Two Lovers
Two men, dressed in leather jackets and crotch-hugging dungarees, lean against a chain link fence. One smiles; the other doesn’t. They were once lovers, and the February 1978 special issue of Christopher Street promised an “anatomy” of their affair.
The men are Philip Gefter, a twenty-five-year-old photography editor, and Neil Alan Marks, a twenty-nine-year-old writer, and it had been two years since their relationship of three years had come to an amicable end when they graced the cover of Christopher Street, a monthly magazine that fashioned itself as the gay New Yorker. For the feature, editor Michael Denneny interviewed each man separately to chronicle and dissect the course of their romance: meeting at a writing workshop at the New School in New York City, moving in together on Crosby Street, cruising in Provincetown, partaking in a ménage à quatre in Connecticut, traveling to France, having affairs with others, and ultimately breaking up.
In a decade of boisterous sexuality bracketed by the Stonewall riots and the onset of the AIDS pandemic, “Anatomy of a Love Affair” attended to a subtler, lesser acknowledged aspect of gay liberation, exploring how gay relationships differed—or might differ—from straight ones. While a few couples achieved national attention, such as Michael McConnell and Jack Baker, who obtained a marriage license in Minnesota in 1971, there was a general dearth of public queer relationships that didn’t ape or aspire to the heterosexual ideal.
At the time, Gefter and Marks were not well-known for their individual creative achievements, though Marks had a profile in the local community as the host of The Importance of Being Honest, a WBAI radio program on gay issues, where he gabbed on-air with everyone from Christopher Isherwood to a pair of professional dancers he’d just had a threesome with. Yet because of the couple’s participation in consciousness-raising groups, their relationship had become recognized as something of a case study within their New York milieu, mainly comprised of middle-class white gay men in publishing, media, and academia, who believed themselves to be at the vanguard of contemporary culture.
What distinguished the relationship between Gefter and Marks—other than the fact that it had lasted an eternity in gay years—was the photography. Inspired by the breathtaking tenderness of Alfred Stieglitz’s portraits of Georgia O’Keeffe, and Emmet Gowin’s of Edith Morris, Gefter, who had recently completed a BFA in photography and painting at the Pratt Institute, set out to document his romance with Marks, who, in turn, always insisted on reciprocating the photographic act. An archive of portraits, spontaneously taken by one another in moments of affection, lust, anxiety, jealousy, and fury, is the point of departure for their dialogues with Denneny.
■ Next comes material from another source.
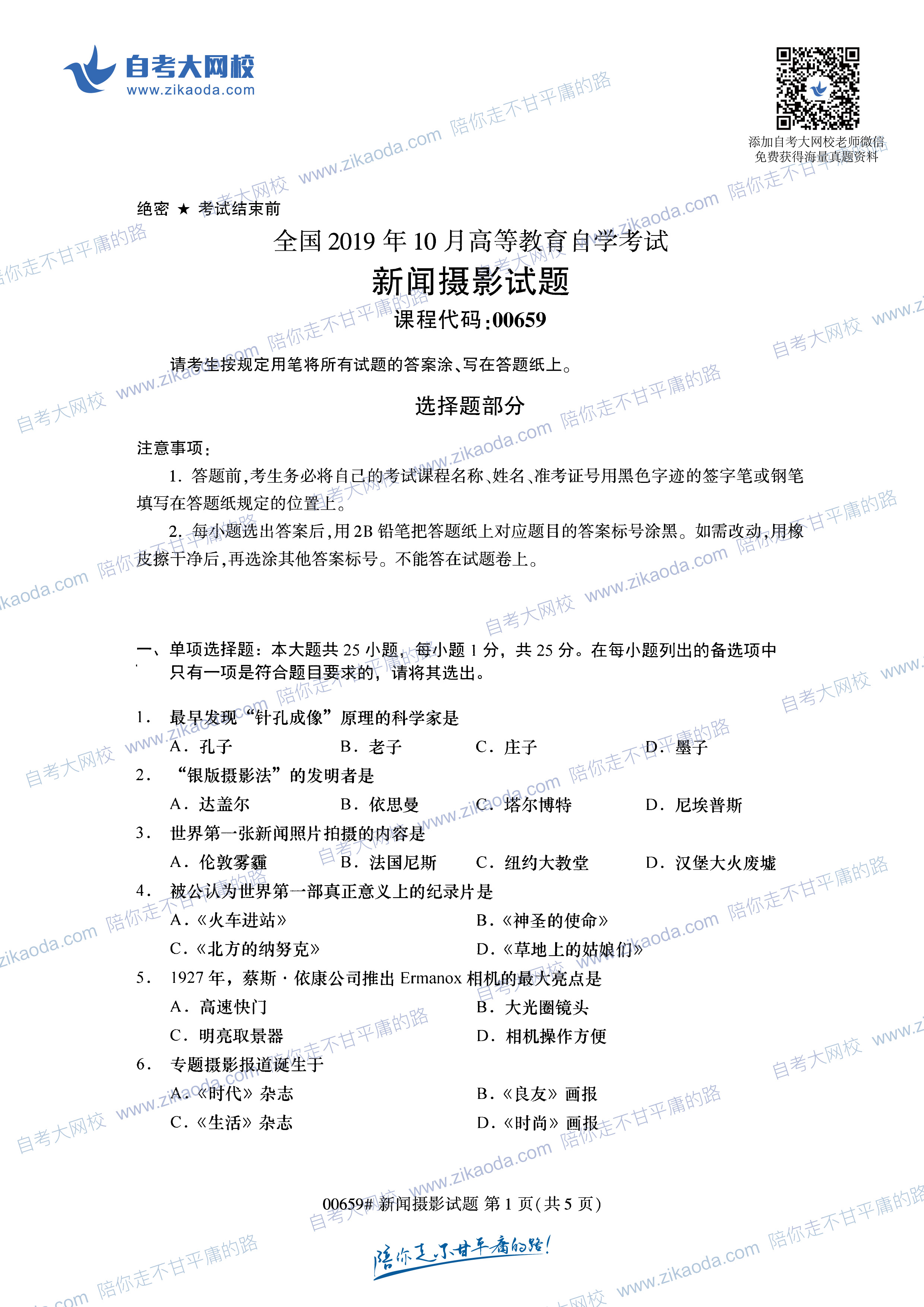 絕密 ★ 考試結(jié)束前 全國2014年4月高等教育自學(xué)考試 新聞攝影試題 課程代碼:00659 請考生按規(guī)定用筆將所有試題的答案涂、寫在答題紙上。 選擇題部分 注意事項: 1. 答題前,考生務(wù)必將自己的考試課程名稱、姓名、準(zhǔn)考證號用黑色字跡的簽字筆或鋼筆填寫在答題紙規(guī)定的位置上。 2. 每小題選出答案后,用2B鉛筆把答題紙上對應(yīng)題目的答案標(biāo)號涂黑。如需改動,用橡皮擦干凈后,再選涂其他答案標(biāo)號。不能答在試題卷上。 一、項選擇題(本大題共25小題

In his 2023 book On Christopher Street: Life, Sex, and Death after Stonewall, Denneny, who died this past April, described his aspiration to “make something like a literary or intellectual version of a Joseph Cornell box, using Philip and Neil’s photographs, the live interviews, and the written self-portraits to capture something—love, passion, and its loss—that I was obsessed with.”
Though Denneny, indeed, tended to take credit for the entire project and, according to Marks, “act[ed] like he was creating us,” it all started when Gefter approached Christopher Street with an idea for a photo essay in 1977. Then working as an editor at Aperture, Gefter hoped to share his own portfolio of images (and potentially Neil’s) with the world—even if he would have preferred a more prestigious and photography-focused venue such as the quarterly that employed him. Denneny quickly took an interest in this compendium of images as well as the couple’s story, and once Marks was brought into the conversation, the three decided to collaborate on a feature comprised of two separate interviews—first Gefter’s, then Marks’s—that circled around a selection of photographs. These interviews, condensed and lightly edited to preserve “the surface texture and rhythm of those intimate talks,” were introduced by Denneny and followed by critical responses from all three.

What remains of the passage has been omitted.